DERNIER AMOUR
La ficheRéalisé par Benoit Jacquot Avec Vincent Lindon, Stacy Martin…
France – Drame – Sortie : 20 mars 2019 – Durée : 98 min
Synopsis : Au XVIIIe siècle, Casanova, connu pour son goût du plaisir et du jeu, arrive à Londres après avoir dû s’exiler. Dans cette ville dont il ignore tout, il rencontre à plusieurs reprises une jeune courtisane, la Charpillon, qui l’attire au point d’en oublier les autres femmes. Casanova est prêt à tout pour arriver à ses fins mais La Charpillon se dérobe toujours sous les prétextes les plus divers. Elle lui lance un défi, elle veut qu’il l’aime autant qu’il la désire.
La critique du film
Pas moins de huit films ont pris pour personnage principal le fameux Giacomo Casanova, nom de famille devenu nom commun, caractérisant un bourreau des cœurs, le séducteur ultime, allant de femme en femme sans jamais s’attarder trop longtemps avec la même. De Riccardo Freda en 1948 jusqu’à Dernier amour de Benoît Jacquot en 2019, beaucoup de cinéastes furent hantés par cette figure légendaire, notamment un certain Federico Fellini en 1976 sous les traits de Donald Sutherland. C’est ici Vincent Lindon qui incarne l’aventurier vénitien, dans ce qu’on pourrait appeler ses derniers jours.

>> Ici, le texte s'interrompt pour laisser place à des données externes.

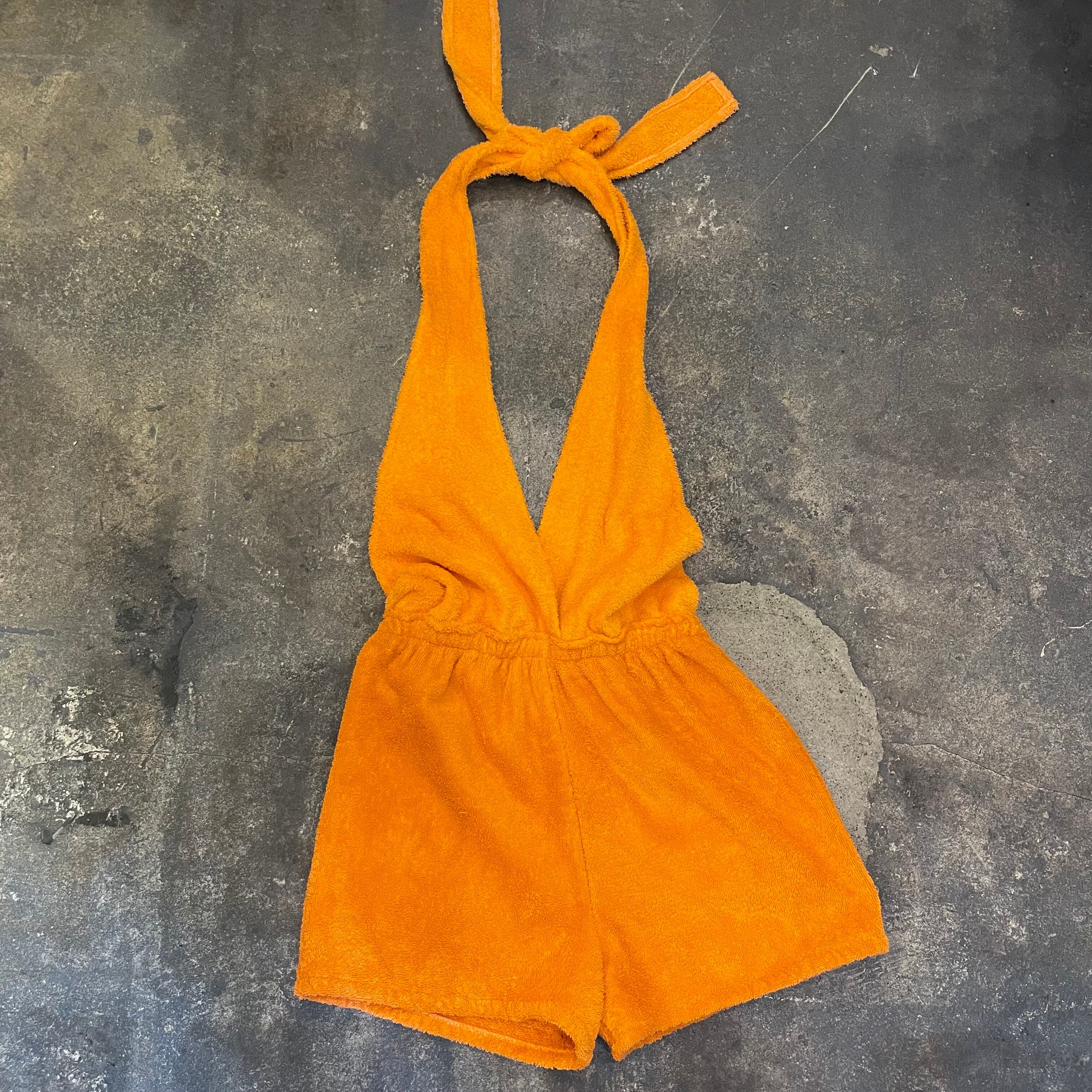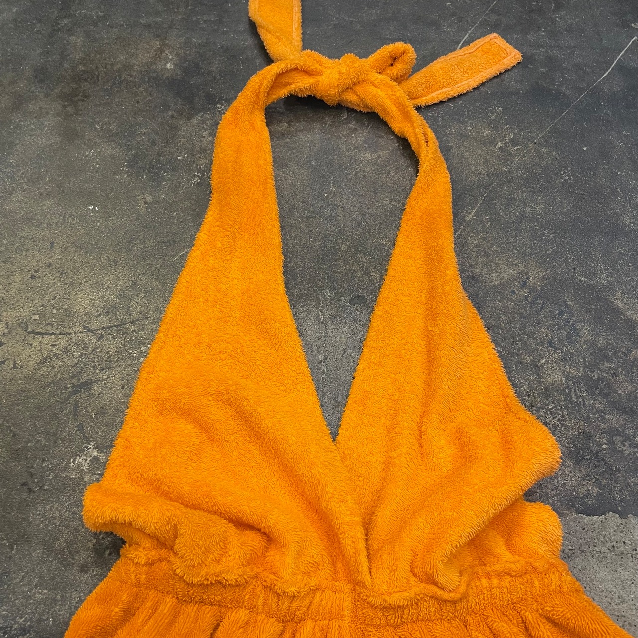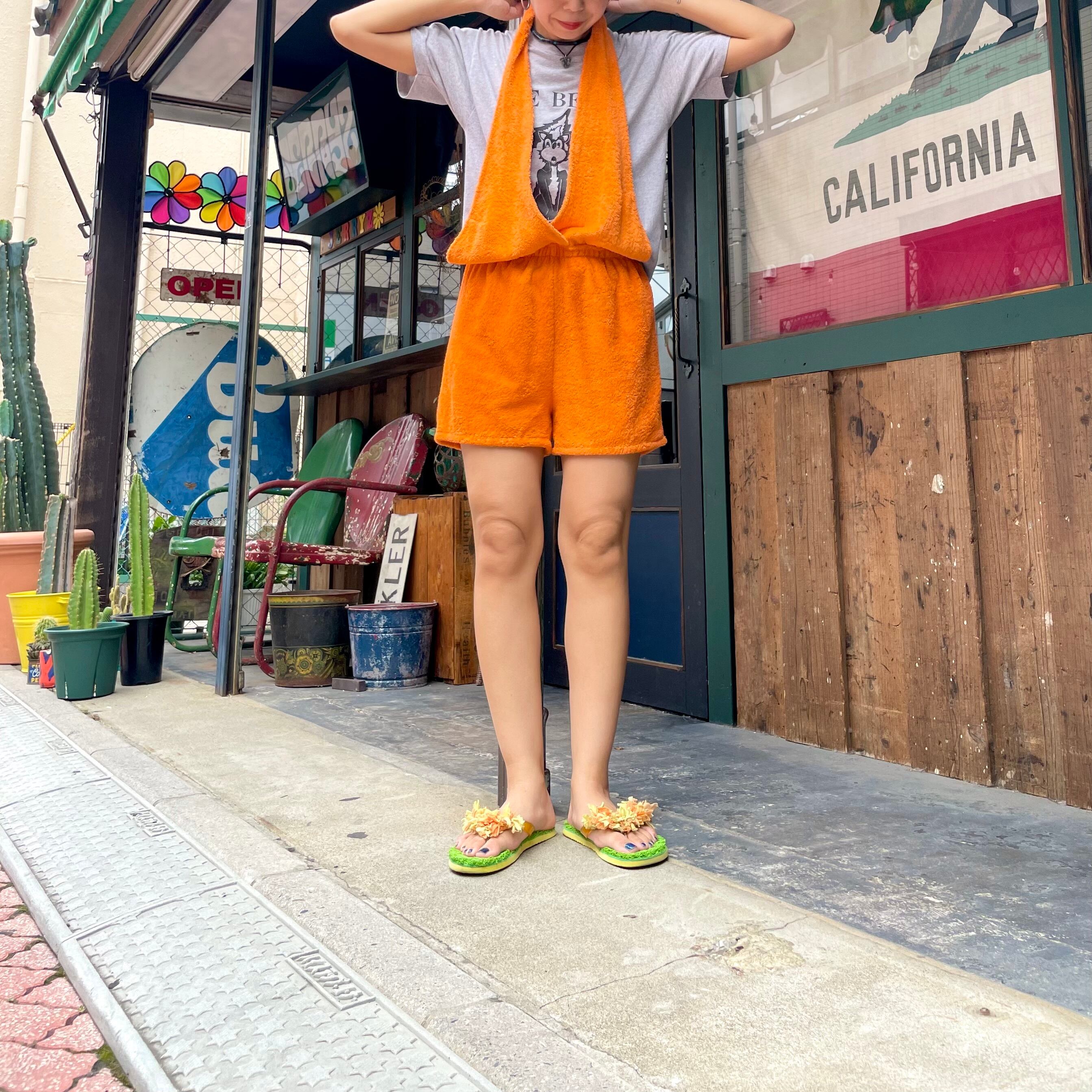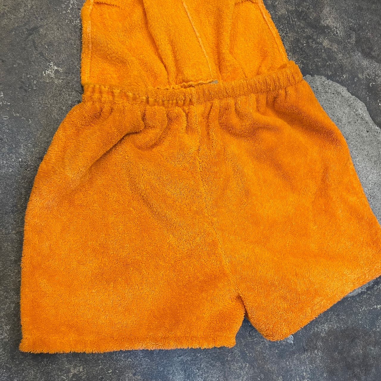 厚手のタオルをリメイクしているホルターネックのサロペットになります。

En effet, un Casanova très âgé narre ses histoires romanesques à une toute jeune femme, leg de ses illustres jours où sa vie fut consacrée au jeu, la musique, l’écriture et bien d’autres passions. Récit en flash-back, c’est son passage à Londres qui est mis en lumière, car en effet c’est cet amour contrarié, évoqué par le vieil homme, qui intéresse plus particulièrement sa jeune invitée. Le projet est intéressant, il est question de montrer les faiblesses et les failles de l’homme, et non pas ses aspects triomphants et phallocrates comme on aurait pu le penser. Benoît Jacquot désamorce tout de suite cela après avoir présenté Casanova au lit avec deux femmes. Dès lors il tombera sous le charme de la Charpillon, jouée par Stacy Martin (Nymphomaniac, Amanda), qui n’aura de cesse que de faire souffrir l’illustre séducteur.

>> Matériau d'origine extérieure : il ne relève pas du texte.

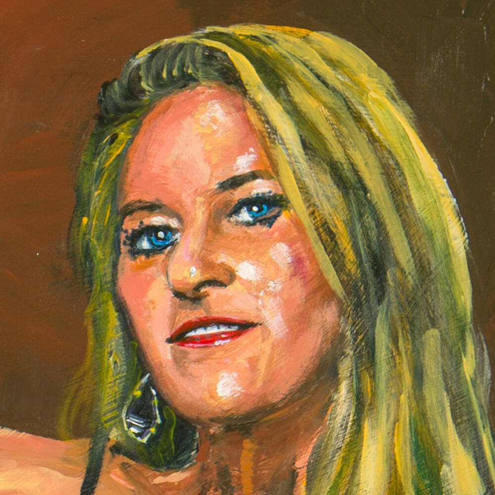 In “Secret Pearl,” I explore the raw and unfiltered power of the female gaze. This painting, rendered in expressive acrylic on board, is a manifesto of uncompromising exhibitionism. It is a tribute to the woman who does not merely exist to be seen, but who commands the act of being watched.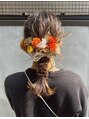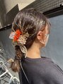 くるりんぱやロープ編みを使ってゆるふわに編んで、アレンジを華やかに☆オレンジのインナーカラーが飾りと合っていてより可愛いです♪ 卒業式や成人式におすすめのスタイルです!飾りはお持ちください!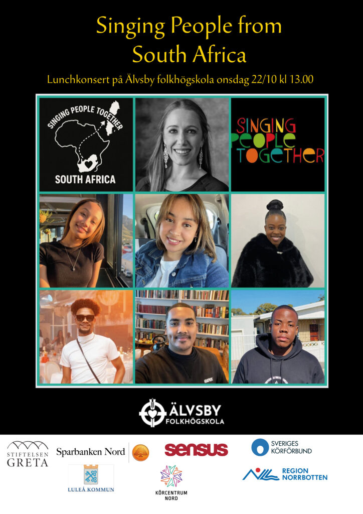 Välkommen på lunchkonsert med Singing People from South Africa, en grupp av musikstuderande från Kapstaden och deras ledare operasångerskan Christine Bahm. De sjunger traditionella sånger på lokala språk som Xhosa, zulu och Africaans.

« La déception du rendez-vous manqué »
Cette lecture du film le rend séduisant, on ne glorifie pas la figure du conquérant aventurier, mais au contraire on prend plaisir à montrer ce qu’il considère lui-même comme son seul échec. Elle est la seule avec laquelle il ne fut jamais ami. Car la Charpillon semble se délecter de jouer avec sa proie, à le faire tourner en rond à coups de mensonges, de rendez-vous manqués et de manipulations diverses pour soutirer de l’argent à celui qui est alors perçu comme un homme riche et puissant.

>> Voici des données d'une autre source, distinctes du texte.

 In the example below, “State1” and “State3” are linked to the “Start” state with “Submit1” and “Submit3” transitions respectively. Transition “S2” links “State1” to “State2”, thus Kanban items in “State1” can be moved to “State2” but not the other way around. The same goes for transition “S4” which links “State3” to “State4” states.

Pour que cette analyse tienne la longueur, il aurait fallu que la perversité de cette relation prenne véritablement et que l’attachement entre les deux personnages soit palpable. Las, l’émotion n’est jamais vraiment présente, le couple Lindon/Martin dissonant de bout en bout sans qu’on puisse croire en leur relation. L’alchimie ne prend pas, le drame et le rythme du film retombent sans cesse, tout comme l’intérêt qu’on pourrait porter aux journées d’un Casanova qui s’éternise à Londres sans qu’on sache vraiment pourquoi, si ce n’est une obsession pour une courtisane qu’il ne regarde pourtant qu’à peine.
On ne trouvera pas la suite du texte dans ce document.